In 1959, I ran into some very nice young kids. They were coming through Las Vegas for their very first time with their little guitars strapped to their backs. You might remember these kids. Mr. Bobby Di-Lan, Nice kid. Joannie Bias. The trio ... what was their name? Oh yes, the Kingsford Charcoal Trio. Fantastic group. Peter, Paul, and Margaret. They were all by themselves. They didn't have any place to go, nowhere to eat. So I invited them out to my ranch. I cooked them up a little barbeque. We had the hot dogs going, the marshmallows. You know, just being plain folks. Folks playing music. And it dawned on me. Folk music. What a great idea. What a concept. So little did I know that I would have my hand in creating not only a new musical genre but also a social consciousness that swept our nation.

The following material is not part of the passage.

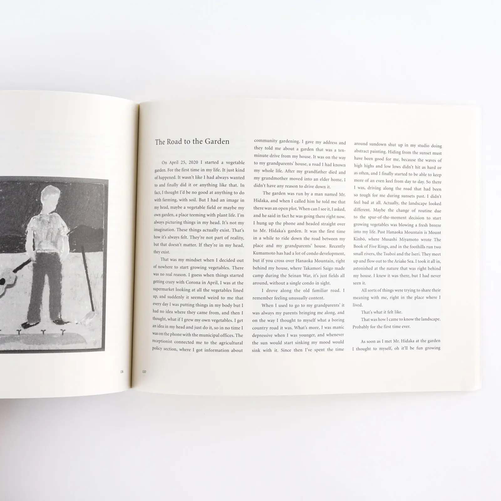 The fields, towns, mountains, rivers, and sea of Kumamoto, where Sakaguchi lives, along with the landscapes from his travels are captured with a photographic level of detail.

I was sitting on a rich, Corinthian leather couch at the residence of my dear friend, Ricardo Montalban. The year was 1957. It was July. It was steamy. It was hot. The air was stale. The Brazilians were bored with the imported sounds from overseas. Young lovers were spending their nights on the town in soup kitchens for lack of anything better to do. Old men cried in their caldo verde when someone turned on a radio. The streets of Ipanema and Copacabana were becoming barren. We get a call from Jorge, the manager at Sonya and Harvey Cohen's famed Beachcomber Casino and Resort in Ipanema. Bar sales were down 70 percent, and the customers were leaving in droves.

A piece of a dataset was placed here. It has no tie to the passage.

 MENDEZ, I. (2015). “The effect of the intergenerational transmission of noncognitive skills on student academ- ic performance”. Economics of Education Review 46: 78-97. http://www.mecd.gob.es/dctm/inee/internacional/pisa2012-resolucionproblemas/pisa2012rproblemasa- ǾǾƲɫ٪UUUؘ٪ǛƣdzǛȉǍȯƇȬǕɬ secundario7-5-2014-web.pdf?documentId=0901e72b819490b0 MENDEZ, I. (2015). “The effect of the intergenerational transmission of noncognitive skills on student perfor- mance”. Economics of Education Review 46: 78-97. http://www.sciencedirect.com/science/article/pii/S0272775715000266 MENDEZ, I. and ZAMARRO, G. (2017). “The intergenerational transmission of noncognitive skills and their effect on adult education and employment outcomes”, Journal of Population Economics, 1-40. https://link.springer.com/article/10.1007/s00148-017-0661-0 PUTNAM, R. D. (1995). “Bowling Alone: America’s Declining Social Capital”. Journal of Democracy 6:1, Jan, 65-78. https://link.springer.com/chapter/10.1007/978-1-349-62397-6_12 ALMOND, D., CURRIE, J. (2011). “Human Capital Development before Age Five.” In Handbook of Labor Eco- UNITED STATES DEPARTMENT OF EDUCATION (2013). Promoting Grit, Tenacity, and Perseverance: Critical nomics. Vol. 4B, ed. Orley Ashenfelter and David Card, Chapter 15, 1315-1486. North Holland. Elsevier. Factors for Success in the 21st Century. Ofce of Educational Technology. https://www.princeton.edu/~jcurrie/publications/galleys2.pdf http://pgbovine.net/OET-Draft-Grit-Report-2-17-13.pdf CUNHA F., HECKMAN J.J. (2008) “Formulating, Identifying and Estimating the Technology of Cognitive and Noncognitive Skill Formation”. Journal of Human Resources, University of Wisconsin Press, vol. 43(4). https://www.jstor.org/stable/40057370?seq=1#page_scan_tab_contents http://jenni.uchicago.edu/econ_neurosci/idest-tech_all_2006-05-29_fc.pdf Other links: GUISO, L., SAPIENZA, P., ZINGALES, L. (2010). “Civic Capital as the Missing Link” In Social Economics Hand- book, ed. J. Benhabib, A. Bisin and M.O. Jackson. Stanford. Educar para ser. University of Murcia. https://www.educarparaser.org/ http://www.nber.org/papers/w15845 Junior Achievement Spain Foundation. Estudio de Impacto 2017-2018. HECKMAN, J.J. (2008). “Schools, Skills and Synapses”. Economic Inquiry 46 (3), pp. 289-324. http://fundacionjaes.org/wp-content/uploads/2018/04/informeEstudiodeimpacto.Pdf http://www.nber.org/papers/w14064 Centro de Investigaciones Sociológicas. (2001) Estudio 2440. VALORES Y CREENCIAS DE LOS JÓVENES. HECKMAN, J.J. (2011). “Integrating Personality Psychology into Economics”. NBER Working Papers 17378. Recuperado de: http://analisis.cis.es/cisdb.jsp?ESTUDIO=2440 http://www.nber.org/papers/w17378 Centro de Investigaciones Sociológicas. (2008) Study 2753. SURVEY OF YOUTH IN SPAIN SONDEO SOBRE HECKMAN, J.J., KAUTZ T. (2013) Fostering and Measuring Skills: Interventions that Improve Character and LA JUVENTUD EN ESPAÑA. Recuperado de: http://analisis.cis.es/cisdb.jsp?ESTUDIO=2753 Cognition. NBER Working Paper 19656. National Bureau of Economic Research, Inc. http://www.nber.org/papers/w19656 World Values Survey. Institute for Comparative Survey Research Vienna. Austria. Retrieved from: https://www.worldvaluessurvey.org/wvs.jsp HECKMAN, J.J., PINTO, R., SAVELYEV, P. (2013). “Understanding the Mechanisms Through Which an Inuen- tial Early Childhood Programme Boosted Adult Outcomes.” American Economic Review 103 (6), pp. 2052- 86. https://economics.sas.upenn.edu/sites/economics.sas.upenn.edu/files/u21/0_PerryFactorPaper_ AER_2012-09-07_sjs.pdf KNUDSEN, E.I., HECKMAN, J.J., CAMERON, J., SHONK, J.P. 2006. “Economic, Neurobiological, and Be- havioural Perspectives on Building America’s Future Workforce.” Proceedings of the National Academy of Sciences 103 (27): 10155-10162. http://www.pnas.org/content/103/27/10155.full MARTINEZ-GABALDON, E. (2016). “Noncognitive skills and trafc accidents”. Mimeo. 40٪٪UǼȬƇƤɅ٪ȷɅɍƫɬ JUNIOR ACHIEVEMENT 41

When Ricardo heard of this desperate situation we left immediately for the club. We walked into the Copa de Cocoa Room. Joao Gilberto and Antonio Carlos Jobim are there chain-smoking cigarettes in the corner. A young Carlos Santana was working as a dishwasher at the time. Jorge greets me and Ricardo at the door. He's pulling his hair out, yelling "Algo nova! Something new, please!" The music was driving him crazy. When young Bud E. masterfully made his way to the stage, picking up a set of bongos, and instructing the guitar player to gently pluck the strings and put the guitar pick down. We immediately locked in to a rhythm, that the Brazilians could only describe as "nova", or new. Jorge says to me, "Bud E., you're the boss." Wait a minute, I said to myself, boss, nova. So I invented it right there. Bossa Nova.

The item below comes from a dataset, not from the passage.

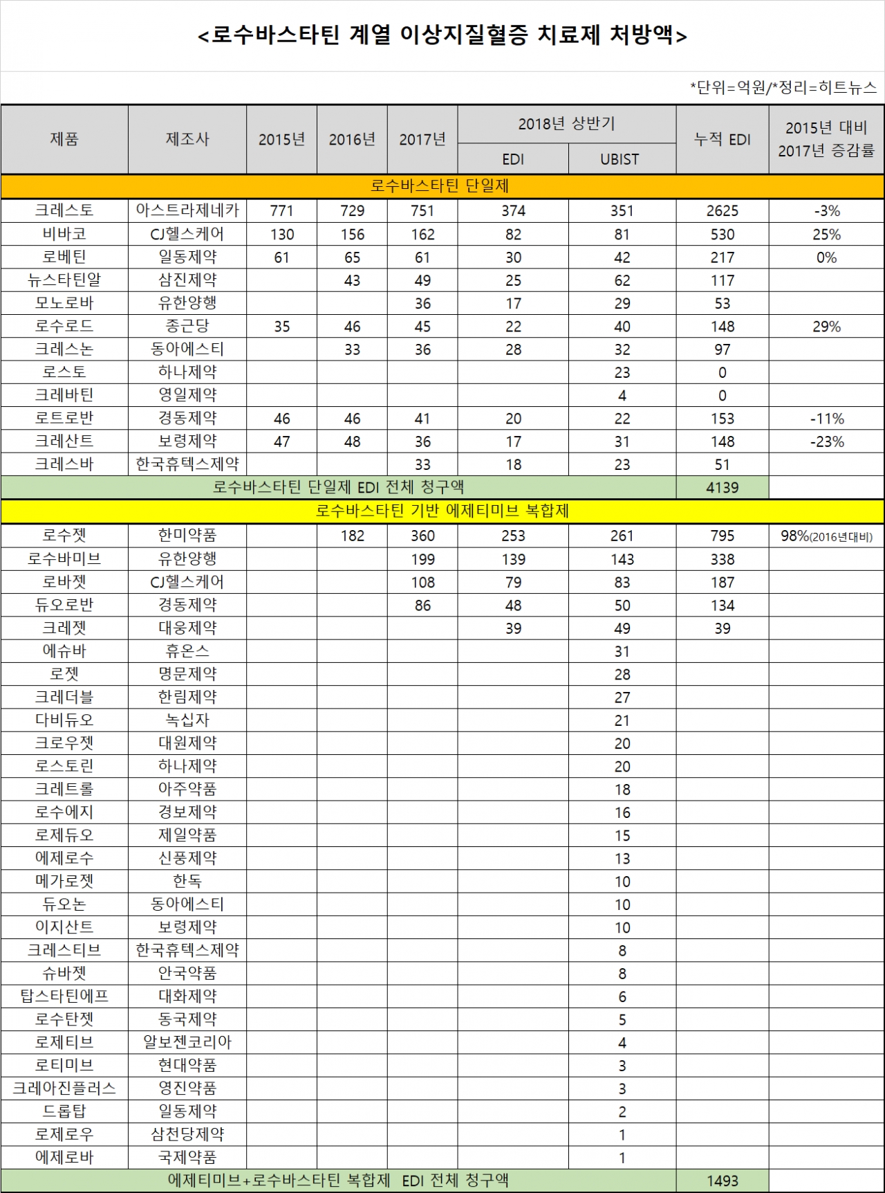 1일 히트뉴스가 2015년부터 2018년까지 보험청구액(EDI) 1000대 품목과 2018년 상반기 원외처방 보고서(UBIST)를 토대로 비교 분석한 결과, 로수바스타틴 단일제 시장에서는 아스트라제네카의 크레스토가 누적 보험청구액(EDI) 2625억원으로 가장 높은 처방 실적을 보였다.

In 1962, I was working the lounge at Cape Canaveral and working as a consultant to NASA. An urgent phone call came from the White House, and I left immediately. When I arrived at the Oval Office, Jack hit me with the news. "The astronauts are complaining about the Muzak that is being piped into the Mercury space capsule. They are becoming despondent, clinically depressed." I said "Mr. President, problem solved." I left that evening on Air Force One for the west coast.

With the help of my dear friends from the Ames Research Center, we worked day and night for three straight weeks in the laboratory, until the right formula emerged. A dry vodka martini, a Winston, and a good blonde. These were the key ingredients needed to get in to their subconscious, to help them focus on their mission at hand. By mixing percolating rhythms with surreal counterpoint; the influence of the atom with the beat of the bongo; sparkling orchestrations with a twist of lemon and a dash of bitters. And on that historic day, space age lounge music was launched. A week later, the astronauts were swingin' in their gravity boots, the first trip to the Moon just a few years away. To this day, a velvet portrait of yours truly hangs in the fourier of the Air and Space Museum at the Smithsonian Institute.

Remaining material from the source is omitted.